### What is expected
Do not copy the pictures. Write out the lines from the start of the entries through the line containing "Маленький и портативный, стильный".

[Saved data entries]

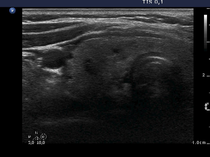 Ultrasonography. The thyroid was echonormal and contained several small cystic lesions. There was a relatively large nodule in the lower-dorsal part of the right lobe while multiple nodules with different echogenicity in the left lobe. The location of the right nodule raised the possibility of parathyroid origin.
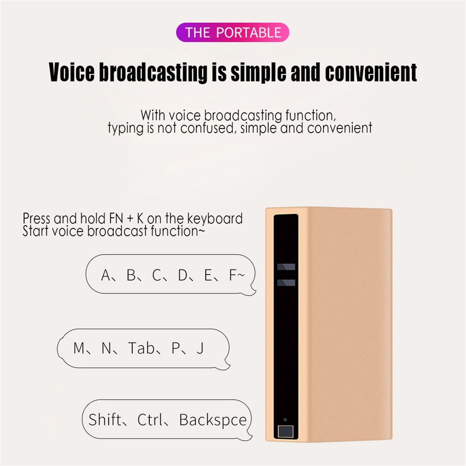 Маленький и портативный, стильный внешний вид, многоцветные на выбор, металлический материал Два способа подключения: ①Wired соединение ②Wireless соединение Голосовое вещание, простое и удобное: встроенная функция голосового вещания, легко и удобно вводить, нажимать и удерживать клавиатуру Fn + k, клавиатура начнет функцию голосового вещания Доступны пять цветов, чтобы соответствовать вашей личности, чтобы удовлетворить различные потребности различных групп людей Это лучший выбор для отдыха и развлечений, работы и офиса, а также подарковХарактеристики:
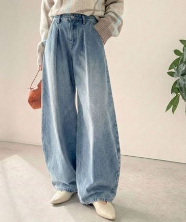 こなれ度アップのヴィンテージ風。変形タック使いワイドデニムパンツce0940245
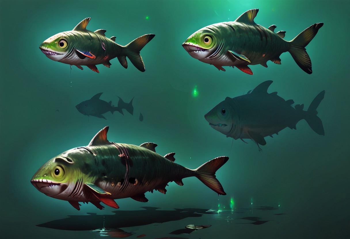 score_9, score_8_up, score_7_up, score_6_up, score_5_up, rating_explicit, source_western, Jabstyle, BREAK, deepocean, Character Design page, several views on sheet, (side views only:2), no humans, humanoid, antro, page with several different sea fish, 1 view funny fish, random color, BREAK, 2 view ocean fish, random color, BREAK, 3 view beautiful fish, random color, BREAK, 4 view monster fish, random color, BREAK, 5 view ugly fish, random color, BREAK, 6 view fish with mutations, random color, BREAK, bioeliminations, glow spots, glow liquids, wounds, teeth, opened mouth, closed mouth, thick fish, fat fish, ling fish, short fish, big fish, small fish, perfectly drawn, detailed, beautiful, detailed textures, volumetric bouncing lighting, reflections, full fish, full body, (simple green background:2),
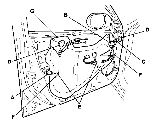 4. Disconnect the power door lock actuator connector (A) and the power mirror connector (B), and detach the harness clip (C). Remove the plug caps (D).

### Exercise output
 Ultrasonography. The thyroid was echonormal and contained several small cystic lesions. There was a relatively large nodule in the lower-dorsal part of the right lobe while multiple nodules with different echogenicity in the left lobe. The location of the right nodule raised the possibility of parathyroid origin.
 Маленький и портативный, стильный внешний вид, многоцветные на выбор, металлический материал Два способа подключения: ①Wired соединение ②Wireless соединение Голосовое вещание, простое и удобное: встроенная функция голосового вещания, легко и удобно вводить, нажимать и удерживать клавиатуру Fn + k, клавиатура начнет функцию голосового вещания Доступны пять цветов, чтобы соответствовать вашей личности, чтобы удовлетворить различные потребности различных групп людей Это лучший выбор для отдыха и развлечений, работы и офиса, а также подарковХарактеристики:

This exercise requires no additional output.